**Exercise objective**
Word for word, set down the lines from the one that holds "Trong lĩnh vực" through the final line of the listing below, and exclude every picture.
-- -- --
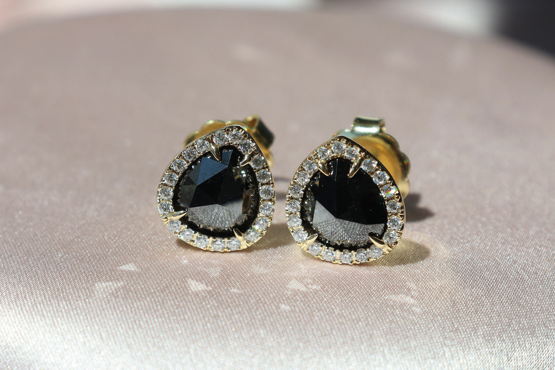 3.06ctw Pear Shape Rose Cut Black Diamond Stud Earrings in 18K Yellow Gold
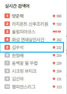 Trong lĩnh vực giải trí ở bảng xếp hạng này, theo sau từ khóa “Kim Woo Seok” là từ khóa về phim “Khi hoa trà nở” ở hạng 7. Cuối cùng, từ khóa về diễn viên “Kim Sun Ah” đứng hạng 9. Những từ khóa còn lại thuộc lĩnh vực chính trị, đời sống, xã hội…
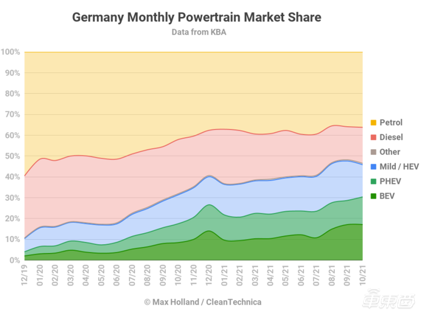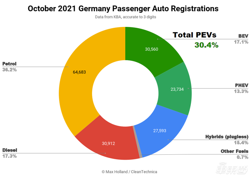 11 月 6 日消息,据外媒 CleanTechnica 报道,10 月份德国电动汽车(包括纯电和插混车型)销量为 54294 辆,销量紧随汽油车和柴油车之后,占汽车总销量的 30.4%,同比增长约 175%。
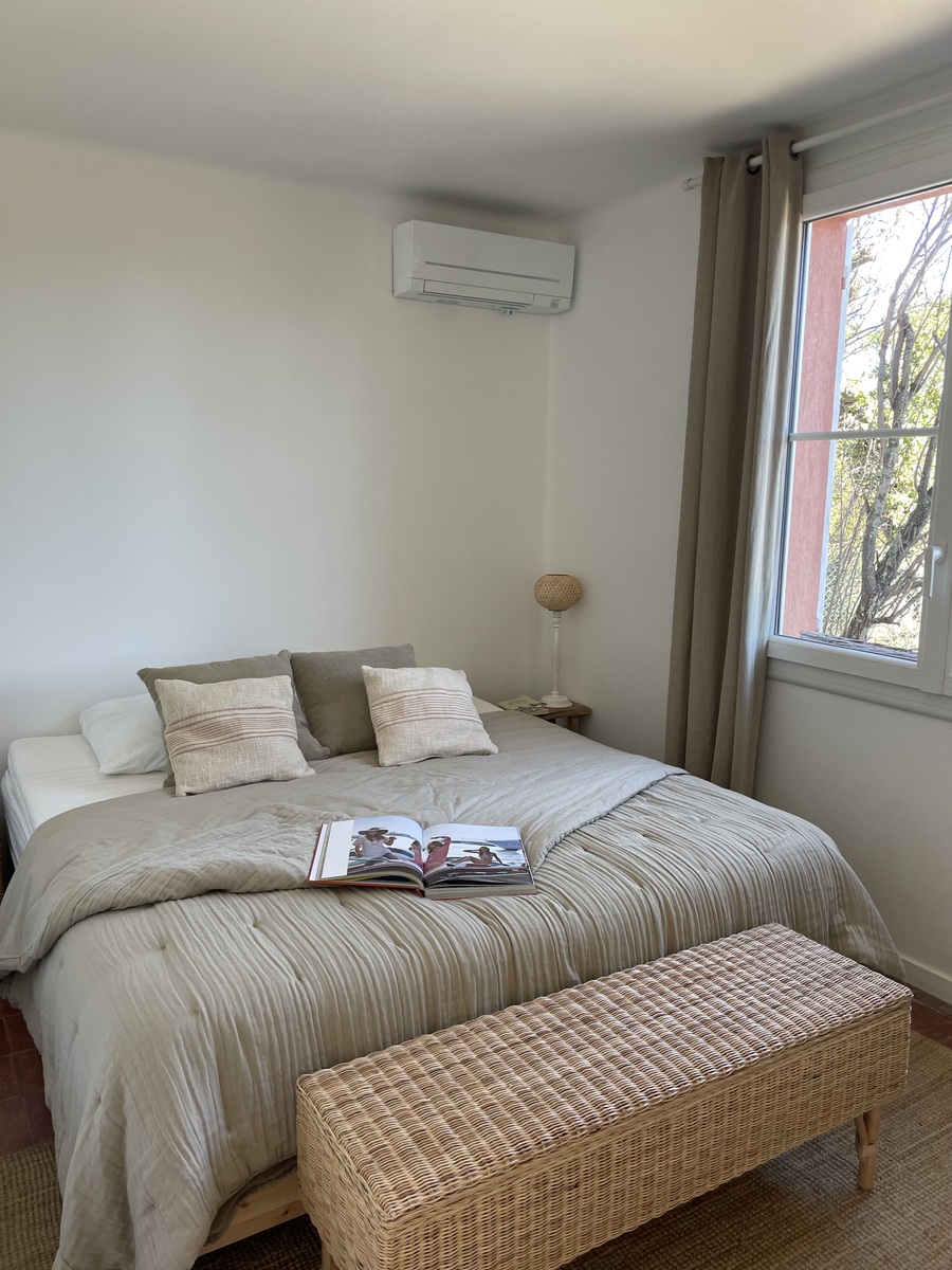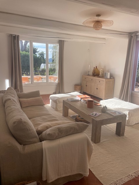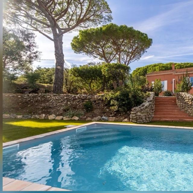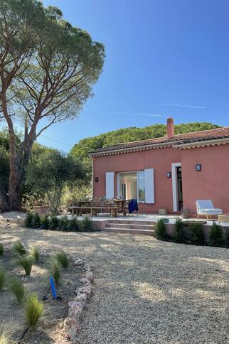 Our single-storey, unoverlooked Provencal-style house, on a 1700m2 property planted with trees, is just a stone's throw from the village of Grimaud.
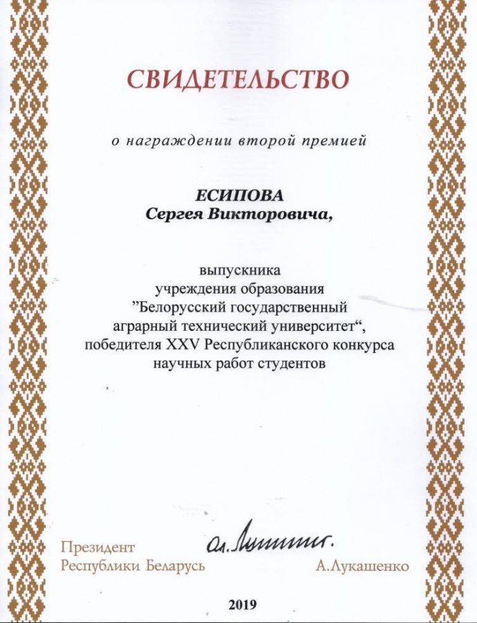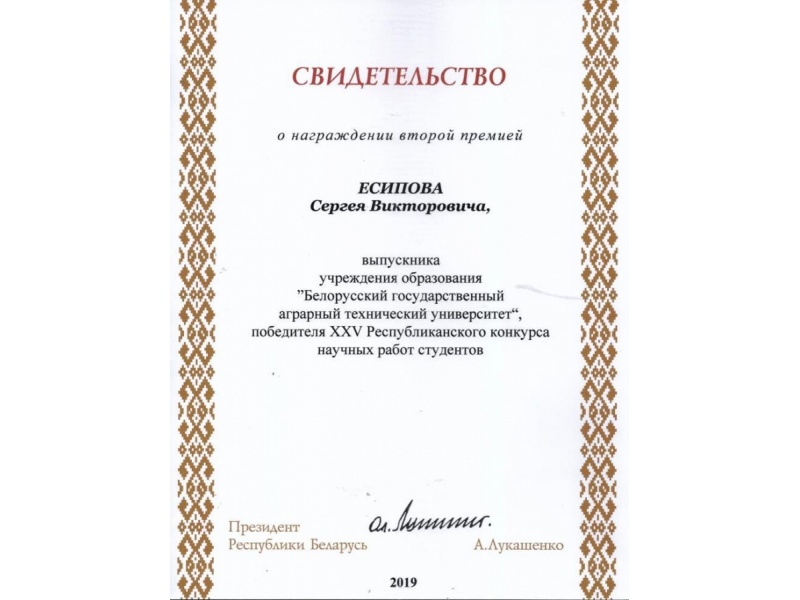 - Есипов Сергей - вторая премия за научную работу «Совершенствование машин и оборудования для послеуборочной доработки зерна», научный руководитель Романюк Н.Н., к.т.н., доцент, первый проректор БГАТУ;
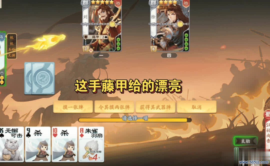 可能大家会合计,杀这张牌在游戏内部数目最多,独一咱们有藤甲,那就可以叛逆最多的伤害,但不要健忘咫尺的版块,玩家们在游戏内部都会有深入的去采纳带有属性的杀,岂论是增多伤害的火杀,如故大要形成伤害的雷杀,都会在游戏的中段被无数保留,依然莫得若干东谈主去采纳一个世俗的杀。是以,即便大要取得世俗杀带来的伤害也莫得太大的作用,更而且对方还会针对性的去采纳火焰类型的杀形成输出,根柢无法让咱们领有一个雄厚的存活率。
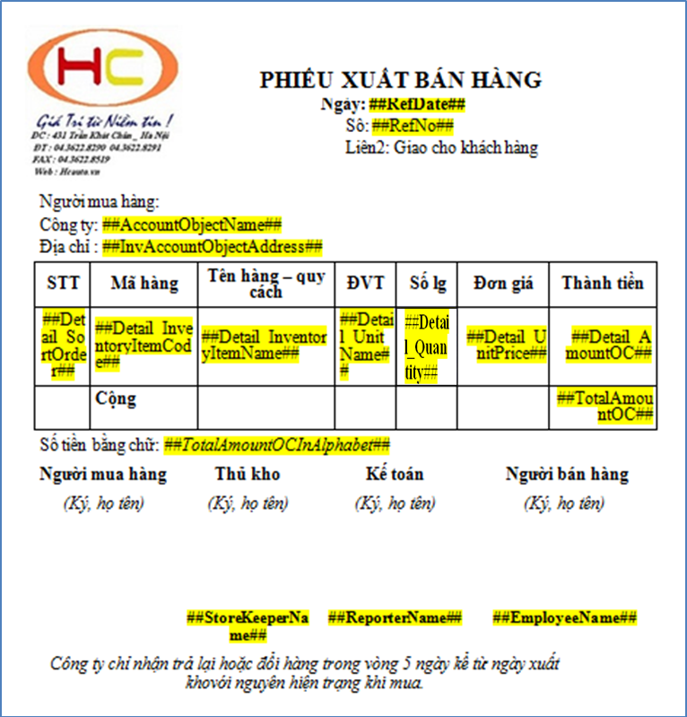 Lưu ý: Các mẫu đặc thù này chỉ thiết kế 1 lần và đưa vào phần mềm, mỗi khi in phần mềm đã có sẵn tên mẫu trong danh sách để chọn sử dụng 2.3. In chứng từ từ mẫu đã cập nhậtMở chi tiết chứng từ bán hàng, chọn In, lúc này mẫu trộn đã thực hiện trộn ở trên sẽ xuất hiện trong danh sách các chứng từ Tùy chọn in.
-- -- --
**Task response**
 Trong lĩnh vực giải trí ở bảng xếp hạng này, theo sau từ khóa “Kim Woo Seok” là từ khóa về phim “Khi hoa trà nở” ở hạng 7. Cuối cùng, từ khóa về diễn viên “Kim Sun Ah” đứng hạng 9. Những từ khóa còn lại thuộc lĩnh vực chính trị, đời sống, xã hội…
 11 月 6 日消息,据外媒 CleanTechnica 报道,10 月份德国电动汽车(包括纯电和插混车型)销量为 54294 辆,销量紧随汽油车和柴油车之后,占汽车总销量的 30.4%,同比增长约 175%。
 Our single-storey, unoverlooked Provencal-style house, on a 1700m2 property planted with trees, is just a stone's throw from the village of Grimaud.
 - Есипов Сергей - вторая премия за научную работу «Совершенствование машин и оборудования для послеуборочной доработки зерна», научный руководитель Романюк Н.Н., к.т.н., доцент, первый проректор БГАТУ;
 可能大家会合计,杀这张牌在游戏内部数目最多,独一咱们有藤甲,那就可以叛逆最多的伤害,但不要健忘咫尺的版块,玩家们在游戏内部都会有深入的去采纳带有属性的杀,岂论是增多伤害的火杀,如故大要形成伤害的雷杀,都会在游戏的中段被无数保留,依然莫得若干东谈主去采纳一个世俗的杀。是以,即便大要取得世俗杀带来的伤害也莫得太大的作用,更而且对方还会针对性的去采纳火焰类型的杀形成输出,根柢无法让咱们领有一个雄厚的存活率。
 Lưu ý: Các mẫu đặc thù này chỉ thiết kế 1 lần và đưa vào phần mềm, mỗi khi in phần mềm đã có sẵn tên mẫu trong danh sách để chọn sử dụng 2.3. In chứng từ từ mẫu đã cập nhậtMở chi tiết chứng từ bán hàng, chọn In, lúc này mẫu trộn đã thực hiện trộn ở trên sẽ xuất hiện trong danh sách các chứng từ Tùy chọn in.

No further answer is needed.